Jamaica’s Foreign Minister, Kamina Johnson Smith, informed the session that cannabis and cannabis resin were currently listed as Schedules I and IV, which makes it ineligible for research. “We contend that the classification of cannabis under the Single Convention is an anomaly, and that the medical value of a substance must be determined by science and evidence-based analysis, above other considerations,” Johnson Smith told the UN General Assembly Thursday. “Cannabis has been traditionally used as a folk medicine, as well as a religious sacrament by adherents to our indigenous faith, Rastafari.”

Jamaica’s Prime Minister, Andrew Holness, had recently promised to legalize cannabis for “specified purposes.” The Queen Elizabeth II of England is head of state over a number of the Caribbean islands including Jamaica, Barbados and the Bahamas. A proposed constitutional amendment is underway in Jamaica, which would replace the Queen as head of state and make the country a Republic.

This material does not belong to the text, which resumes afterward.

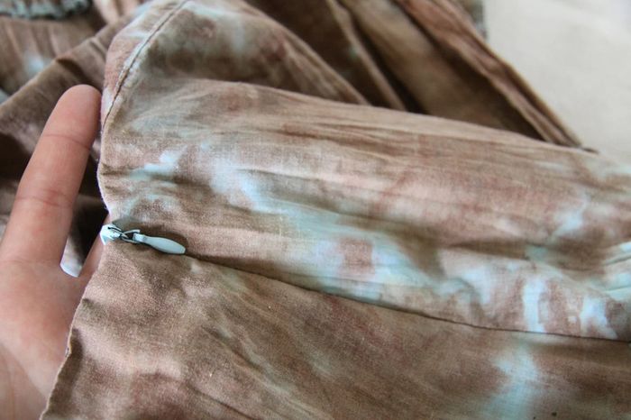 Jupe d’été vintage tie and dye effet marbre turquoise/marron  marque "Ici et Maintenant" - photo numéro 4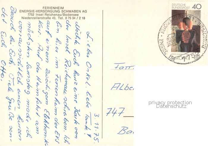 73766302 alte Postkarte Reichenau Bodensee Ferienheim Energie-Versorgung Schwaben AG Aussenansicht postalisch gelaufen Erhaltung siehe scans [LiesaD40] KatCode: 11110008335066

A representative from the Bahamas told the session that the country is “a major transit hub for illicit drugs, where resources used to intercept criminal enterprises would be better spent on providing basic infrastructure to meet education, health and transportation needs and on providing loans to help entrepreneurs purchase fishing boats.”

The UN responded with the plan to create a “more humane, public health-oriented, human rights-compliant, evidence-based approach that addresses this issue in all its complexity.” Modern Jamaica is focusing their energies on medical cannabis and the research behind it. The Schedule I status dates back to the 1961 Single Convention on Narcotics where cannabis laws were conceived and enforced globally.